As Burnham and Georgiou devise a plot, wheels continue to spin aboard Discovery. Stamets has determined that to destroy Charon’s energy orb, Discovery will need to retool their photon warheads with spores — but that move will disable the ship from returning to its timeline and, even worse, will likely result in their incineration from massive energy waves. “Lorca abused our idealism, but make no mistake: Discovery is no longer Lorca’s,” Saru tells his crew, encouraging them to find a solution. Unsurprisingly, they do, with Tilly analyzing simulations and concluding that they can ride what Stamets deems “the mother of mycelial shockwaves” back to their own universe.
As the episode climaxes, Georgiou and Burnham relinquish themselves and are taken by Lorca’s Terran forces to Charon’s throne room. Once there, Burnham offers to remain with the Terrans, per Lorca’s wishes, in return for Discovery’s safe return to the Federation timeline. “I’m destined to kill you,” Georgiou tells Lorca, to which the ascendant Terran replies, “That would certainly be an impressive trick.”
“Impressive” is one word for what happens next. Lorca contacts Discovery as the ship drops out of warp travel and tells its crew that his admiration for them “was and is sincere.” Then, despite being disarmed and surrounded by Lorca’s lackeys, Burnham and Georgiou break free of their captors and stage a successful attack. A long fight sequence concludes with Burnham holding Lorca in the sights of her phaser. “We would have helped you get home, if you had asked,” she says, ultimately refusing to kill the Terran.
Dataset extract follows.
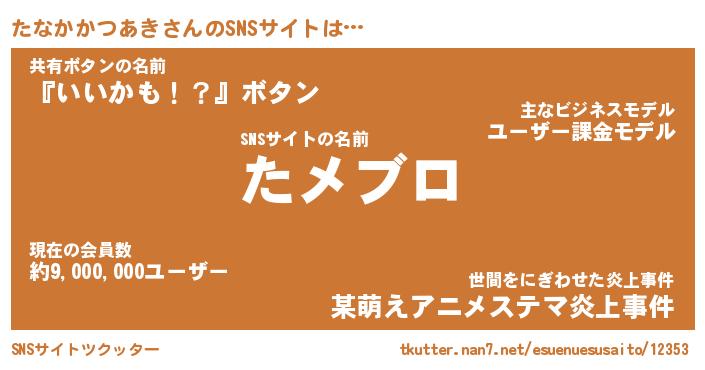 | 女子向けラノベタイトル風あだ名 | 『たなかかつあき姫と円卓の騎士』 |

Georgiou handles that, impaling Lorca with a sword from behind before kicking him into the energy orb.
Georgiou then grants Burnham safe passage back to Discovery — but as the embattled emperor begins to shoot at Lorca’s incoming forces, Burnham grabs her so both are transported back to Discovery. “What have you done to me!” a bewildered Georgiou asks her.
But Discovery has bigger fish to fry. While Stamets successfully navigates the ship back to Federation space — in an overwrought sequence that’s heavy on special effects but light on true suspense — he subsequently finds that he’s overshot its destination chronologically by nine months. Discovery attempts to contact Starfleet — but hears nothing in return. To learn why, Saru updates the ship’s tactical map. Symbols for the Klingon Empire flood the map and Discovery realizes it has returned to a grave reality: The Klingons appear to have won their war with the Federation.